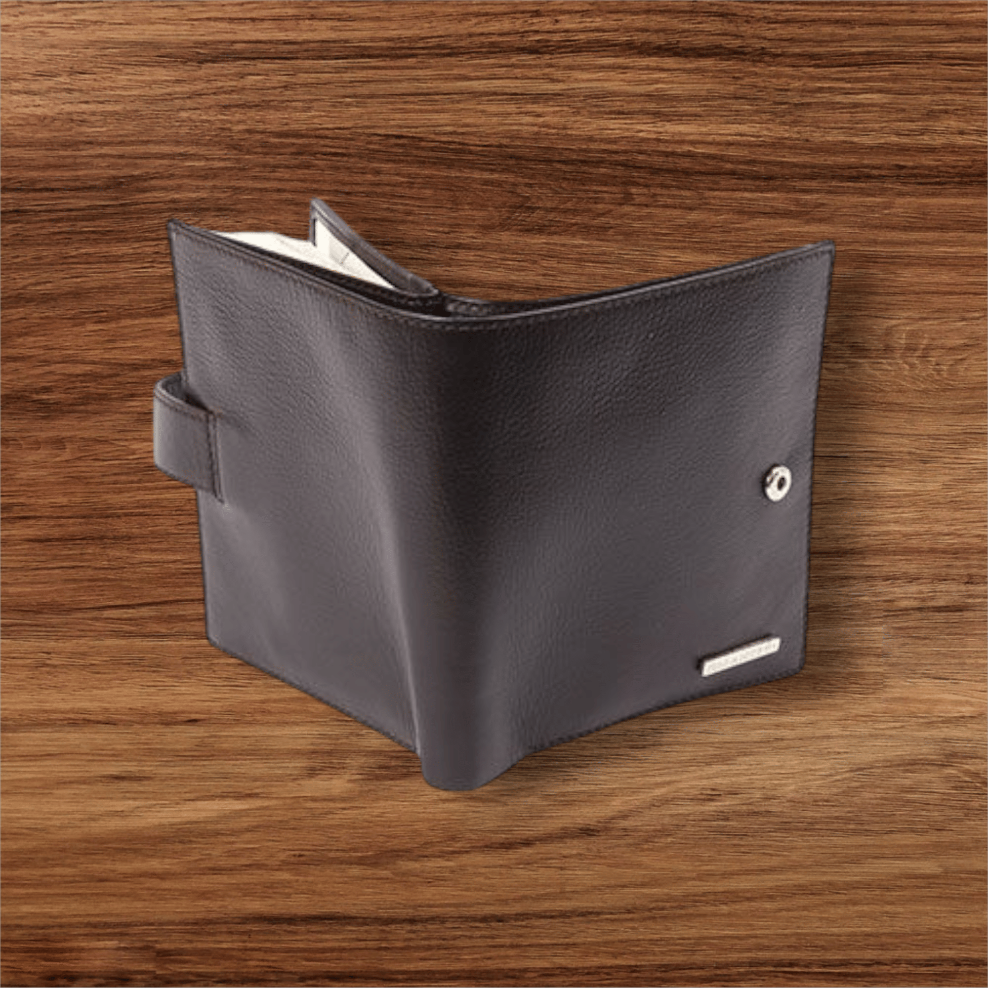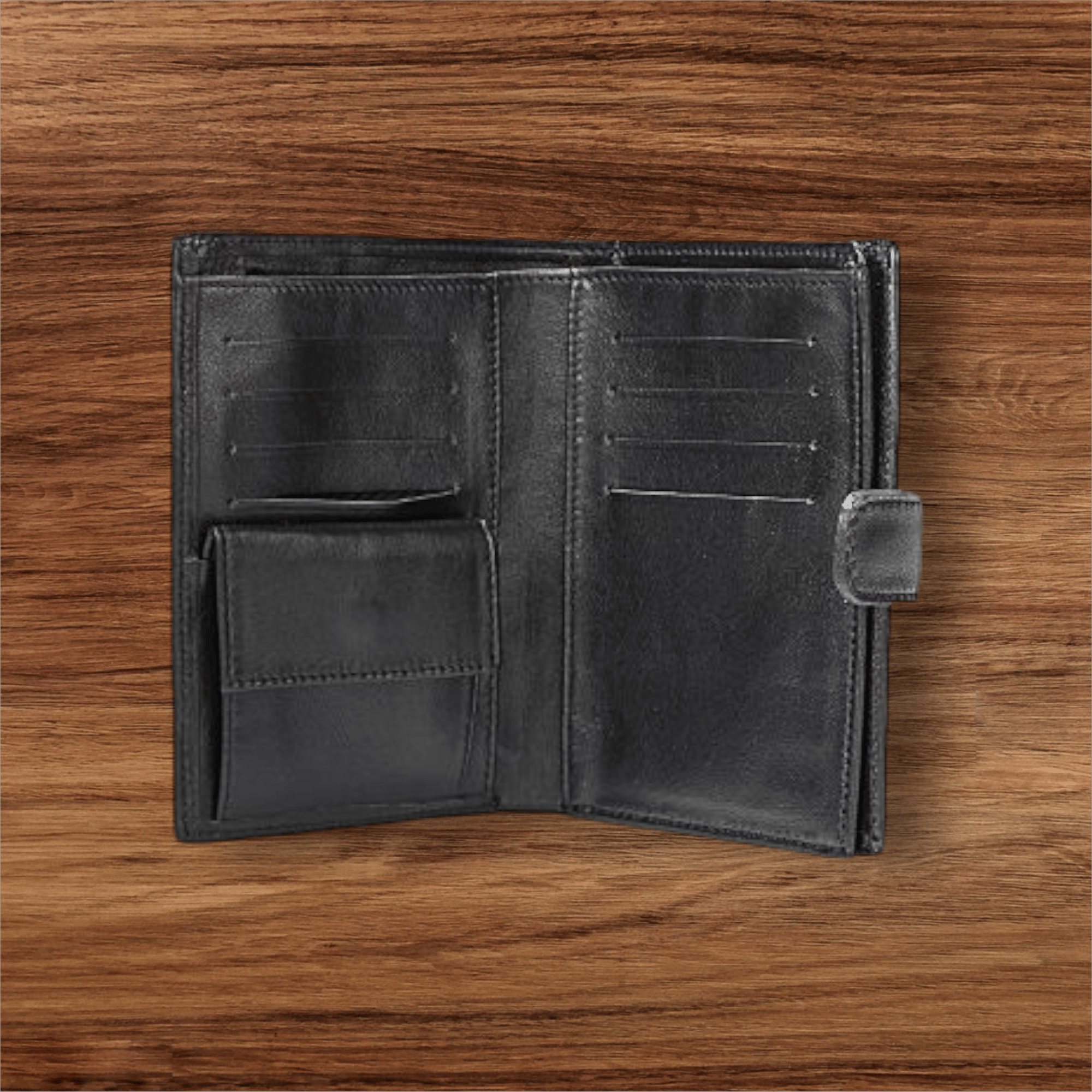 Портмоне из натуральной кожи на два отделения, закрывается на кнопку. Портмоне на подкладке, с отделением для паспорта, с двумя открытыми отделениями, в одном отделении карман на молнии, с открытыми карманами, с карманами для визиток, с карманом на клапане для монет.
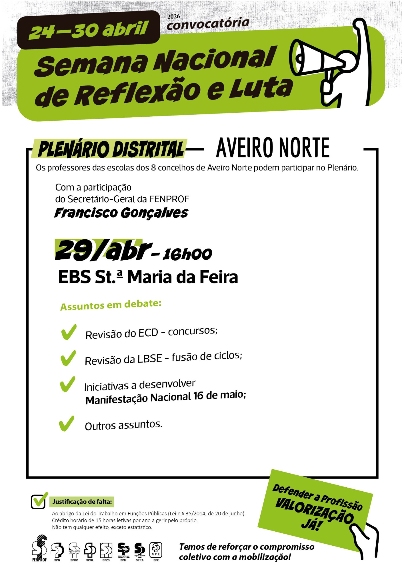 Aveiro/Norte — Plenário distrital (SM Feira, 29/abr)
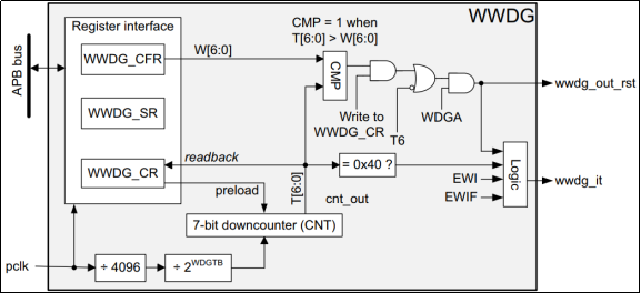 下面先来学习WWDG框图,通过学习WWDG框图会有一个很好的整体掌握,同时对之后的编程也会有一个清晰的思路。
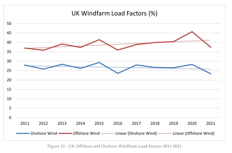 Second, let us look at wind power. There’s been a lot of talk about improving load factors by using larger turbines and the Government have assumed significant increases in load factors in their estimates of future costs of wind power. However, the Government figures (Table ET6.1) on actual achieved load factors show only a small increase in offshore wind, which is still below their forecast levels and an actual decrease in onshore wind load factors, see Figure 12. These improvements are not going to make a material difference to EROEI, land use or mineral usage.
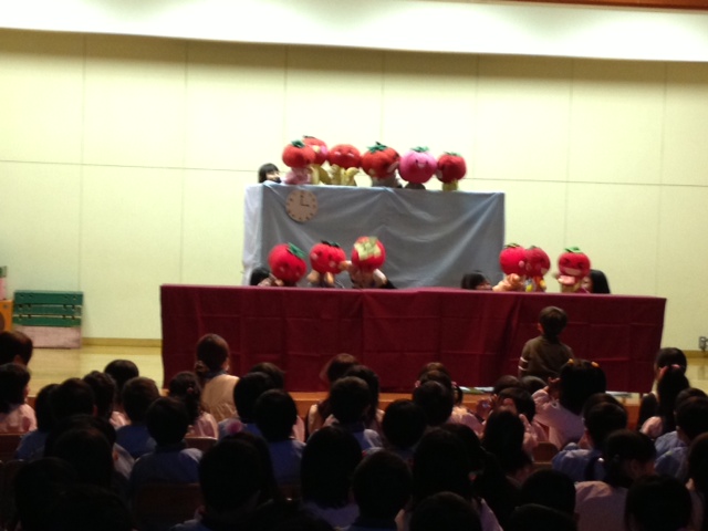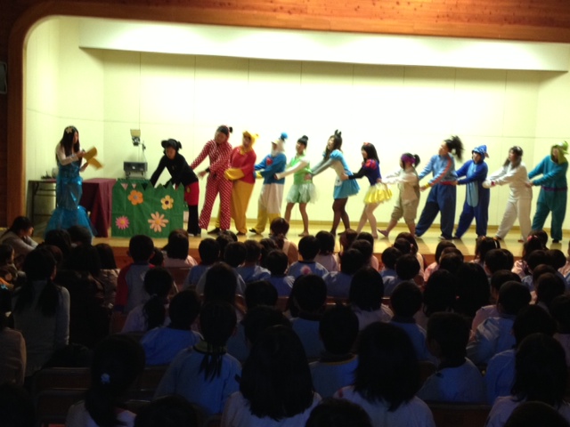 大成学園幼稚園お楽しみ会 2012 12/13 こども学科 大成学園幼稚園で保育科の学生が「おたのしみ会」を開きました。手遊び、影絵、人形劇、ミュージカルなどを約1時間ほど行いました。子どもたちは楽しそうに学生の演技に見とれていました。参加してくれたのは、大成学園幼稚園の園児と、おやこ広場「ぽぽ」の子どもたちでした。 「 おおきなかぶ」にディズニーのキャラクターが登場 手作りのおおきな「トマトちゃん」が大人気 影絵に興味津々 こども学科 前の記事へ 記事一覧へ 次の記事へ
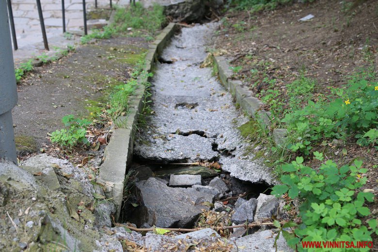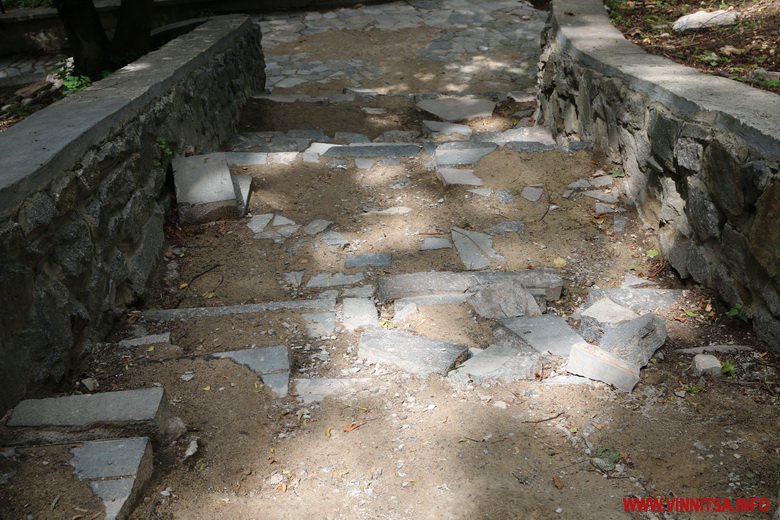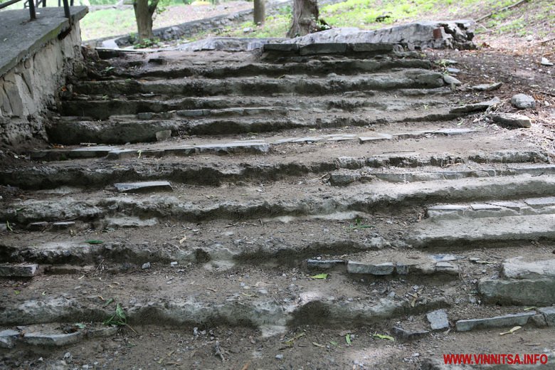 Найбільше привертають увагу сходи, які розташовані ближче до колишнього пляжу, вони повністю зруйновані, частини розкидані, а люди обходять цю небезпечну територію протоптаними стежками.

**PROBLEM DESCRIPTION:** Take the data above and repeat it exactly, leaving each picture out.

**ANSWER FOR THIS EXERCISE:**
 Портмоне из натуральной кожи на два отделения, закрывается на кнопку. Портмоне на подкладке, с отделением для паспорта, с двумя открытыми отделениями, в одном отделении карман на молнии, с открытыми карманами, с карманами для визиток, с карманом на клапане для монет.
 Aveiro/Norte — Plenário distrital (SM Feira, 29/abr)
 下面先来学习WWDG框图,通过学习WWDG框图会有一个很好的整体掌握,同时对之后的编程也会有一个清晰的思路。
 Second, let us look at wind power. There’s been a lot of talk about improving load factors by using larger turbines and the Government have assumed significant increases in load factors in their estimates of future costs of wind power. However, the Government figures (Table ET6.1) on actual achieved load factors show only a small increase in offshore wind, which is still below their forecast levels and an actual decrease in onshore wind load factors, see Figure 12. These improvements are not going to make a material difference to EROEI, land use or mineral usage.
 大成学園幼稚園お楽しみ会 2012 12/13 こども学科 大成学園幼稚園で保育科の学生が「おたのしみ会」を開きました。手遊び、影絵、人形劇、ミュージカルなどを約1時間ほど行いました。子どもたちは楽しそうに学生の演技に見とれていました。参加してくれたのは、大成学園幼稚園の園児と、おやこ広場「ぽぽ」の子どもたちでした。 「 おおきなかぶ」にディズニーのキャラクターが登場 手作りのおおきな「トマトちゃん」が大人気 影絵に興味津々 こども学科 前の記事へ 記事一覧へ 次の記事へ
 Найбільше привертають увагу сходи, які розташовані ближче до колишнього пляжу, вони повністю зруйновані, частини розкидані, а люди обходять цю небезпечну територію протоптаними стежками.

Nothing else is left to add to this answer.